Joint Superpixel and Self-Representation Learning for Scalable Hyperspectral Image Clustering
This work addresses computational bottlenecks in hyperspectral image analysis for remote sensing applications, though it is incremental in combining existing techniques.
The paper tackled the scalability and misalignment issues in hyperspectral image clustering by proposing a joint optimization framework for superpixel segmentation and subspace clustering, achieving superior accuracy on benchmark datasets.
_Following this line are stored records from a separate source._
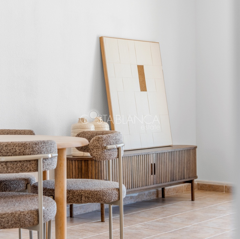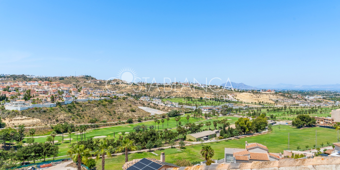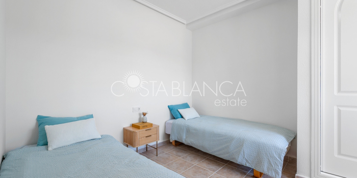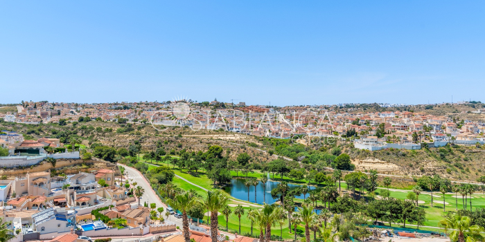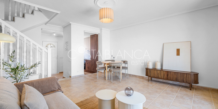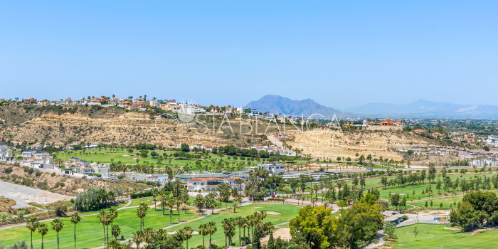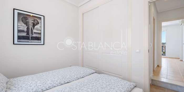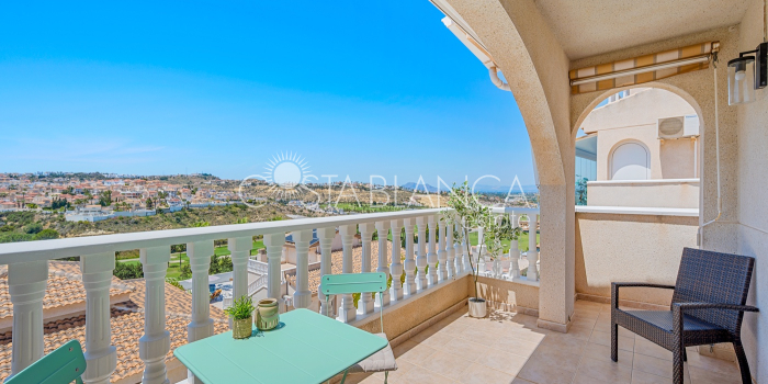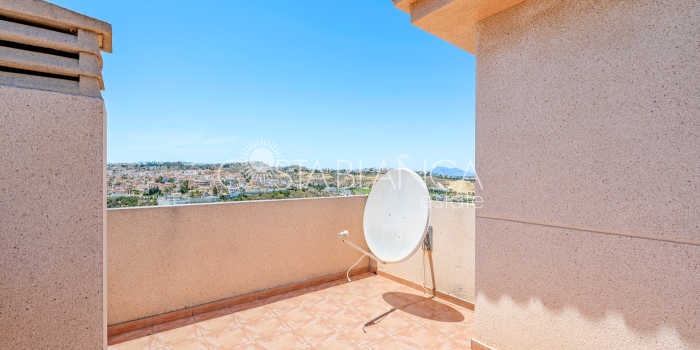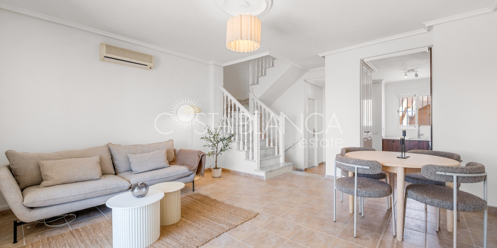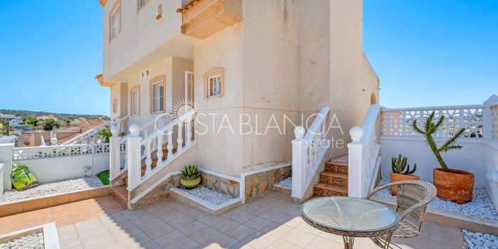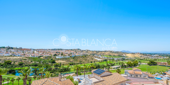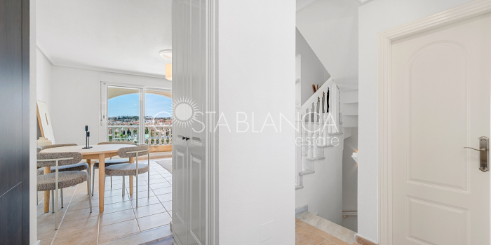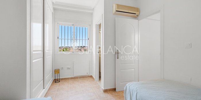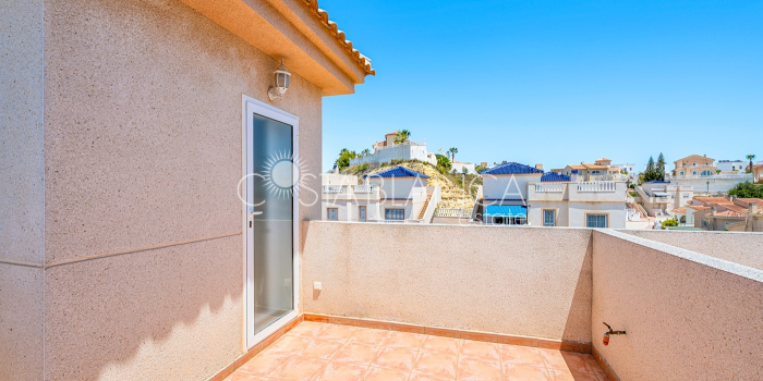Bliźniak z 3 sypialniami i pięknym widokiem na pole golfowe La Marquesa. Nieruchomość, wybudowana w 2006 roku, znajduje się na działce o powierzchni 137 m² i oferuje 105 m² przestrzeni mieszkalnej rozłożonej na trzech poziomach. Na głównym piętrze znajduje się niedawno odnowiona, w pełni wyposażona kuchnia otwarta na jadalnię i salon w jasnym, otwartym układzie. Na tym poziomie znajduje się również toaleta dla gości oraz dwa zewnętrzne tarasy: balkon od strony południowo-zachodniej z otwartym widokiem na pole golfowe La Marquesa i tereny zielone oraz uroczy przedni taras wychodzący na cichą ulicę – idealny na posiłki na świeżym powietrzu.Na pierwszym piętrze znajdują się dwie dodatkowe sypialnie z wbudowanymi szafami oraz łazienka. Z głównej sypialni można podziwiać piękne widoki na pole golfowe i góry. Na dolnym poziomie znajduje się przestronny pokój rekreacyjny, sypialnia, nowo wyremontowana łazienka oraz pralnia. Poziom ten prowadzi na duży, południowo-zachodni taras z częścią ogrodową i prysznicem zewnętrznym – idealny do relaksu w słońcu lub spotkań z gośćmi. Na najwyższym piętrze znajduje się prywatne solarium na dachu z panoramicznym widokiem na okoliczny krajobraz i pole golfowe – idealne miejsce do opalania się, czytania lub podziwiania zachodów słońca w całkowitej prywatności. Nieruchomość jest wyposażona w klimatyzację i trzy wbudowane szafy. Dzięki południowo-zachodniej orientacji zapewnia doskonałe nasłonecznienie przez cały dzień i dostęp do zadbanego basenu wspólnotowego. Położenie zaledwie kilka minut od pola golfowego La Marquesa czyni ją idealną dla miłośników golfa lub osób szukających spokojnej, zielonej okolicy blisko udogodnień.
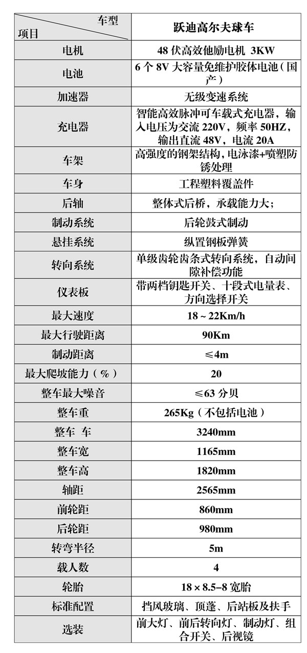 專門為高爾夫球場(chǎng)開發(fā)的場(chǎng)地用車。該車地盤低,上下方便,轉(zhuǎn)彎半徑小,操縱靈活,行駛平穩(wěn),整車載重性能優(yōu)越,行駛中平穩(wěn)顛簸受力小,駕乘舒適。
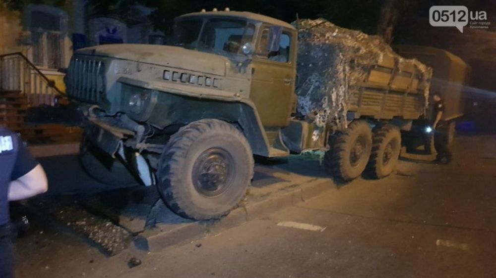 В понедельник ночью, 11 июня, в Николаеве военный "Урал" въехал в электроопору.
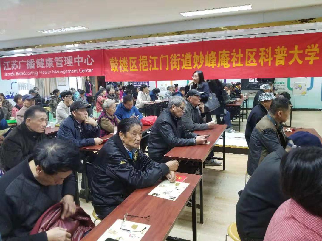 15号下午,江苏健康广播FM100.5/AM846《幸福社区》、《健康总动员》节目联合走进南京妙峰庵社区,为居民们带来一场关于“秋冬季养生之膏方服用”的主题讲座。主持人郭郭与来自江苏省第二中医院的朱益敏主任中医师,就秋冬膏方服用的注意事项与大家进行了精彩的分享,讲座内容贴近老年居民,通俗易懂,普及了中医知识,也提高了老年人的健康养生意识,起到了很好的宣传教育作用。
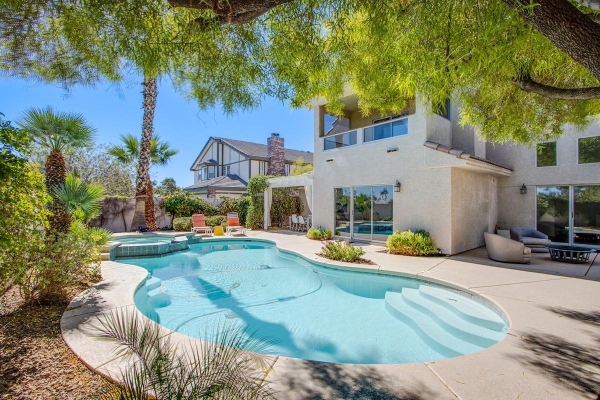 Escape to Vegas in our stunning 5-bedroom villa with soaring ceilings, cozy fireplaces and abundant natural light. Enjoy a resort-style pool heated free year-round, hot spa, outdoor kitchen, ping pong, pool table and games. Perfect for friends getaways, work groups and families -- the best of Vegas without the chaos. This oasis is 15 minutes from the Strip or airport, near hiking, biking and climbing, school and collegiate sports, Red Rocks, Lake Mead and Hoover Dam. Pets welcome.
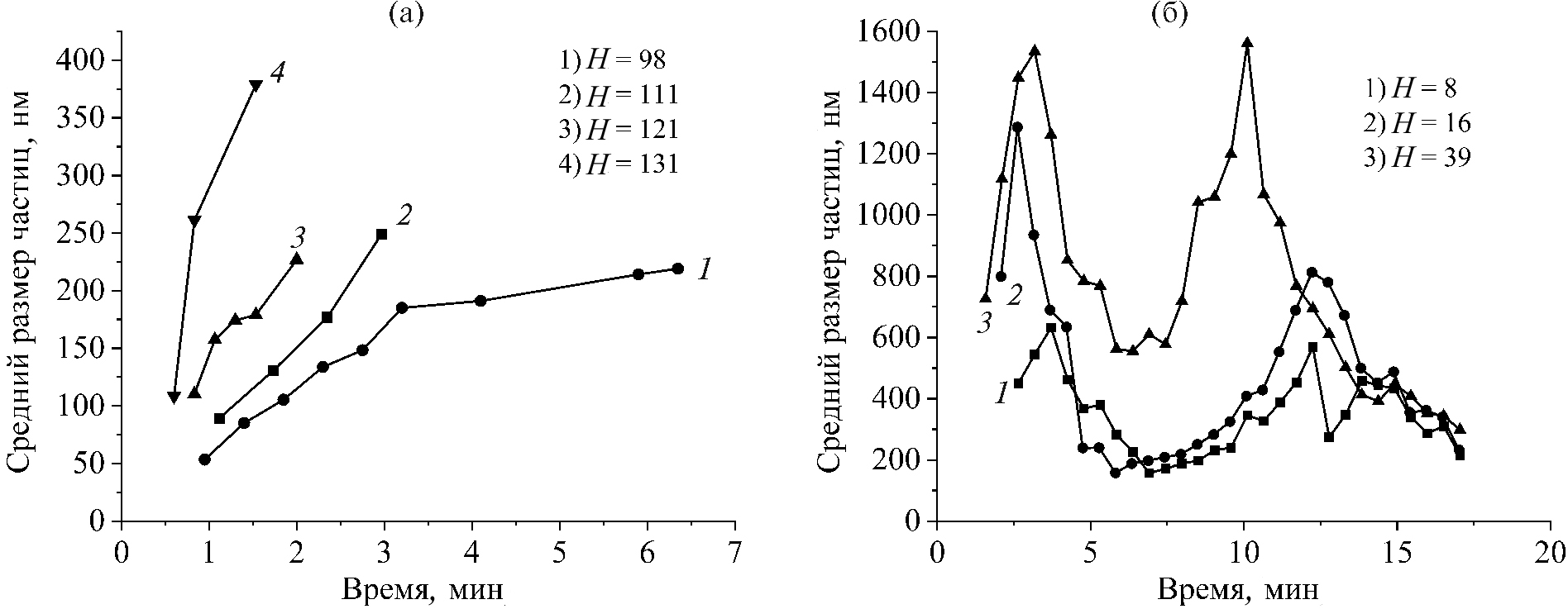 Рис. 7. Изменение средних размеров частиц в процессе гелеобразования золя-прекурсора ЦТС, полученного золь–гель методом на основе различных дисперсионных сред и осаждающих агентов: МЭ + H2Oдист (а), УК + ЭГ (б). Значения Н приведены в поле рисунков.

Subspace clustering is a powerful unsupervised approach for hyperspectral image (HSI) analysis, but its high computational and memory costs limit scalability. Superpixel segmentation can improve efficiency by reducing the number of data points to process. However, existing superpixel-based methods usually perform segmentation independently of the clustering task, often producing partitions that do not align with the subsequent clustering objective. To address this, we propose a unified end-to-end framework that jointly optimizes superpixel segmentation and subspace clustering. Its core is a feedback mechanism: a self-representation network based on unfolded Alternating Direction Method of Multipliers (ADMM) provides a model-driven signal to guide a differentiable superpixel module. This joint optimization yields clustering-aware partitions that preserve both spectral and spatial structure. Furthermore, our superpixel network learns a unique compactness parameter for each superpixel, enabling more flexible and adaptive segmentation. Extensive experiments on benchmark HSI datasets demonstrate that our method consistently achieves superior accuracy compared with state-of-the-art clustering approaches.